Coloradans are consuming about half as much retail marijuana as state economists predicted before voters approved special taxes on recreational pot in 2013, and many state residents have instead stuck to using medical marijuana, taxed at a significantly lower rate.
That was one of the key revelations to come from the June revenue forecast released last week by the Colorado Legislative Council and the Office of State Planning and Budgeting. The forecast also showed the Colorado economy continues to grow faster than the national economy, though the growth is by no means even across the state.
Coloradans 18 or older and who get a doctor’s recommendation can register to purchase medical marijuana, which is subject only to the state’s regular 2.9 percent sales tax, not the special sales and excise taxes voters approved in Proposition AA last year for retail marijuana. Anyone, state resident or otherwise, who is 21 or older can purchase retail, or “recreational,” marijuana.
Legislative economists in 2012 estimated the sales and excise taxes on retail pot would bring in $67 million in the 2014-15 fiscal year, and in March, they dropped that estimate to $54 million.
But now they have dropped that estimate even further – to $30.6 million.
“We sort of expected that the adult-use (recreational) market would cannibalize the medical marijuana market,” legislative economist Larson Silbaugh told lawmakers last week. “So far, there isn’t any evidence that the medical marijuana market is sort of shrinking with people going to the adult-use market.”
Economists had estimated that Colorado consumers would purchase an average of 3.5 ounces of retail marijuana per year. Tax collections so far haven’t born out those assumptions, Silbaugh said, and economists have now lowered their estimates to 1.9 ounces per consumer per year, a 45 percent decrease from original estimates.
He noted that some marijuana users have said it is cheaper for regular consumers to go to a doctor and get a recommendation for a medical marijuana card than to purchase retail pot. In fact, the “red card” registry has continued to grow since January, when recreational sales became legal, he said. Legislative economists have also noted that the cost of a medical marijuana registry card has dropped from $35 to $15.
Silbaugh cautioned that the state had only collected four months of data and that more numbers would mean better predictions for a product whose legal sales economists have never been able to measure until now.

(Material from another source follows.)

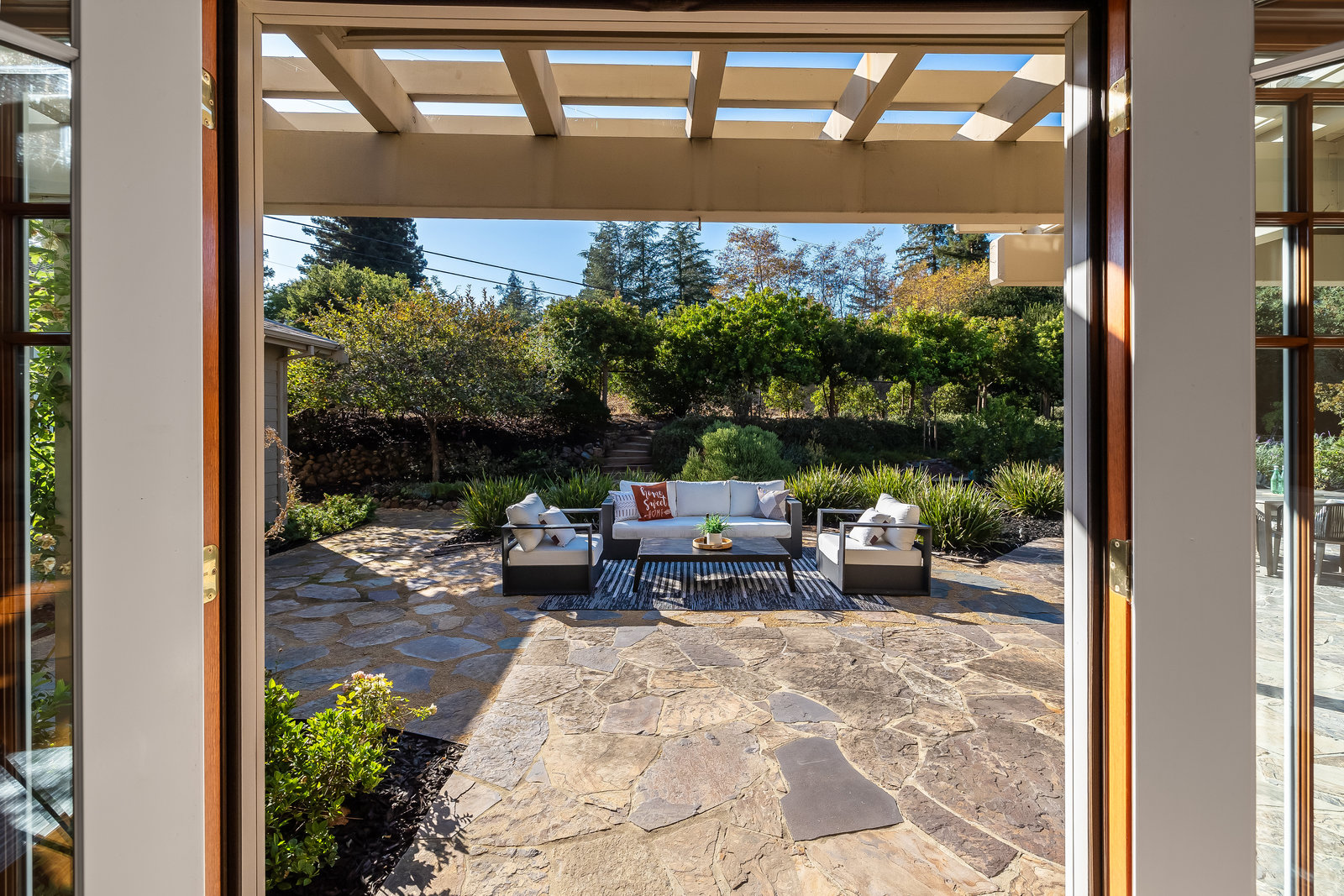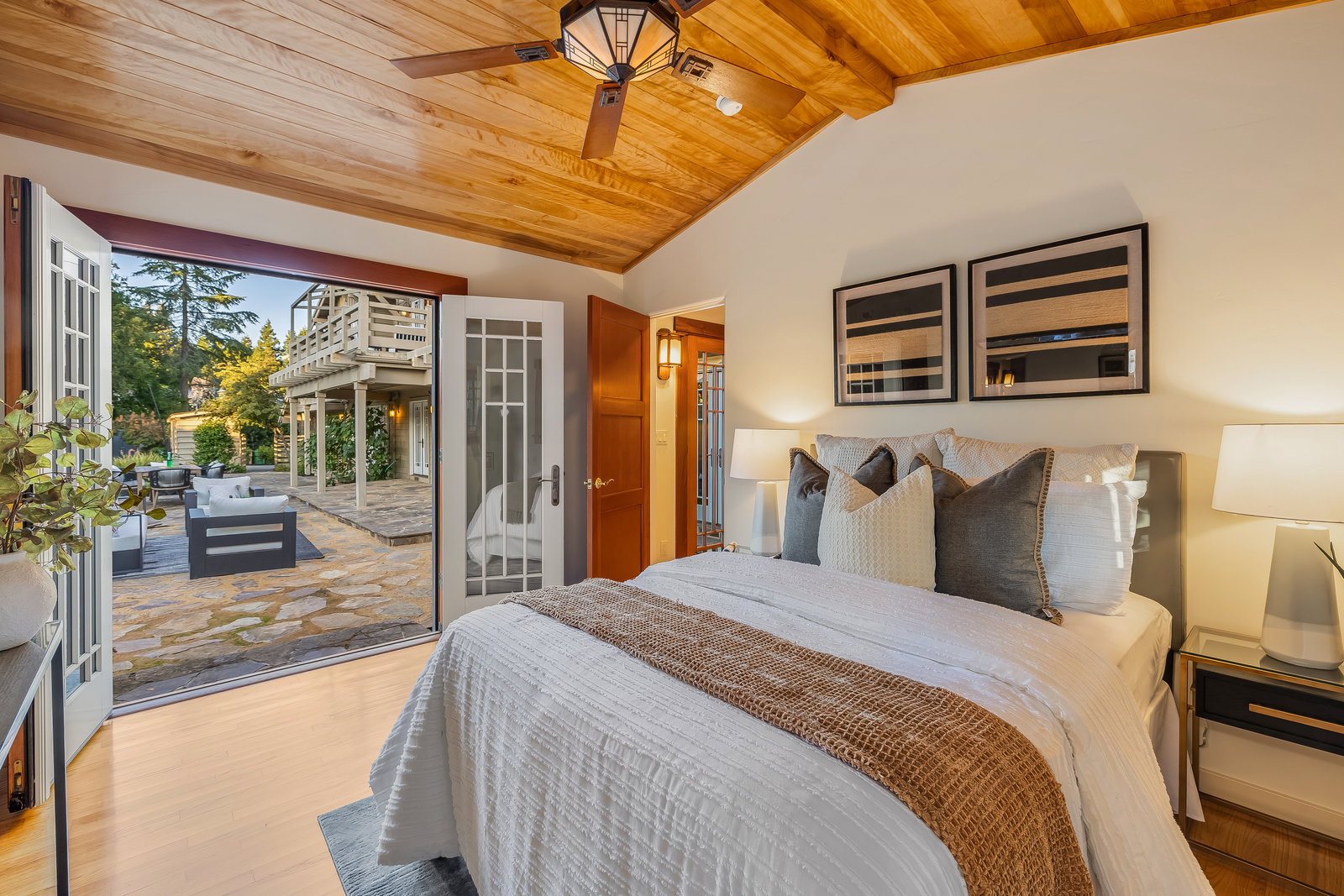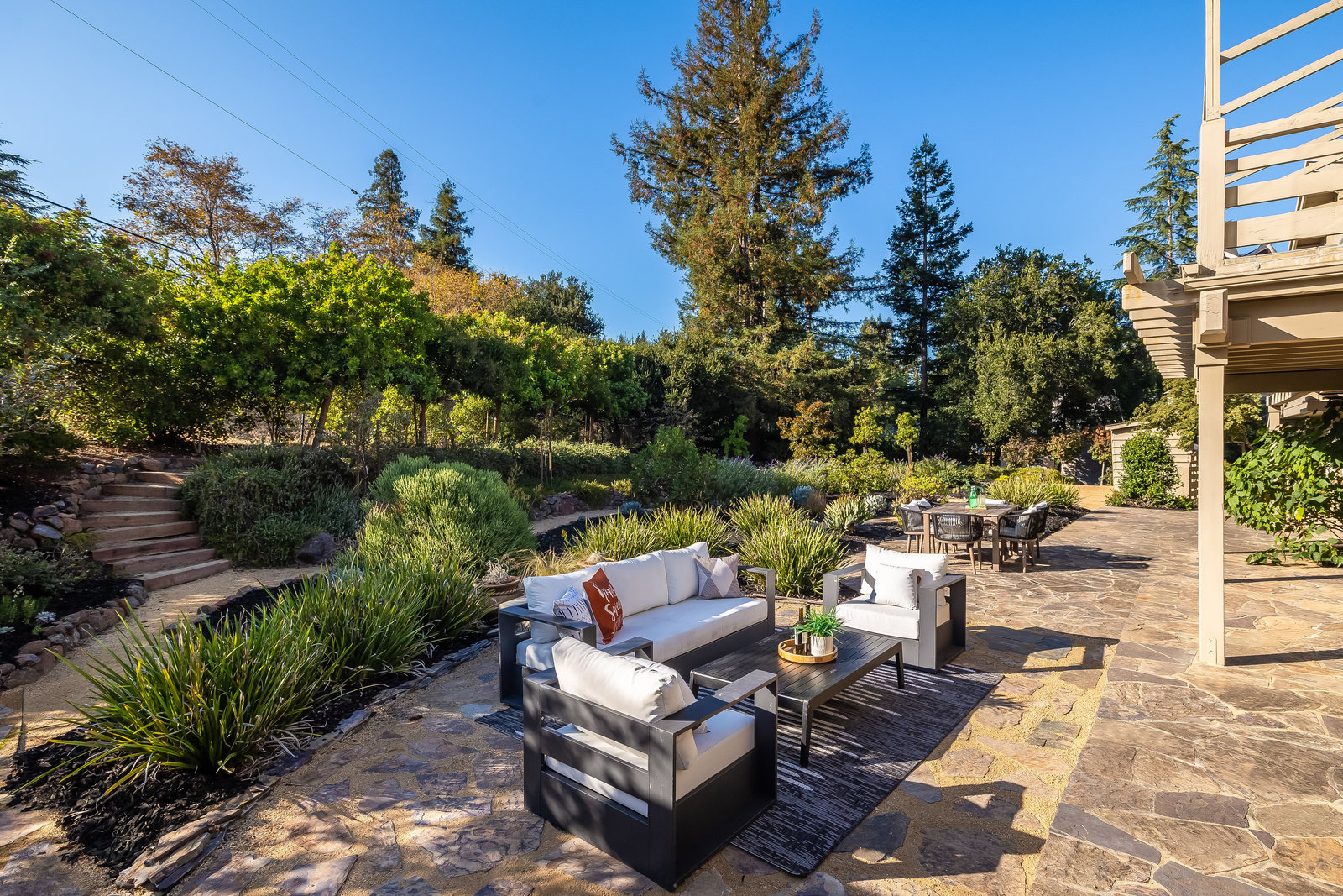 The estate grounds are a masterpiece of newly completed, drought-tolerant landscaping, featuring imported Sierra boulders, mature Redwood trees, succulents, Mexican sage, and meandering stone pathways. A custom-designed swale not only enhances the landscape but provides functionality, directing winter rains with ease. Architectural plans are available for a future ADU with its own private driveway, offering endless flexibility.

Economists now predict the state will close out fiscal year 2013-14 with $94.8 million more than previously projected, $25 million of which will stay in the general fund. The remainder will be transferred to the Colorado Conservation Board Construction Fund, the State Education Fund, the Capital Construction Fund, the Hazardous Substance Site Response Fund and the Economic Development Fund. The fiscal year 2014-15 general fund budget is anticipated to be 0.3 percent, or $31.4 million, higher than budgeted in the 2014 legislative session. The fiscal year 2015-16 budget is also expected to be higher than anticipated, with an increase of $630.7 million, a 6.8 percent increase from what was budgeted for fiscal year 2014-15.
Even with higher-than-anticipated revenue, the state has not restored pre-recession spending levels for K-12 education and a number of other programs.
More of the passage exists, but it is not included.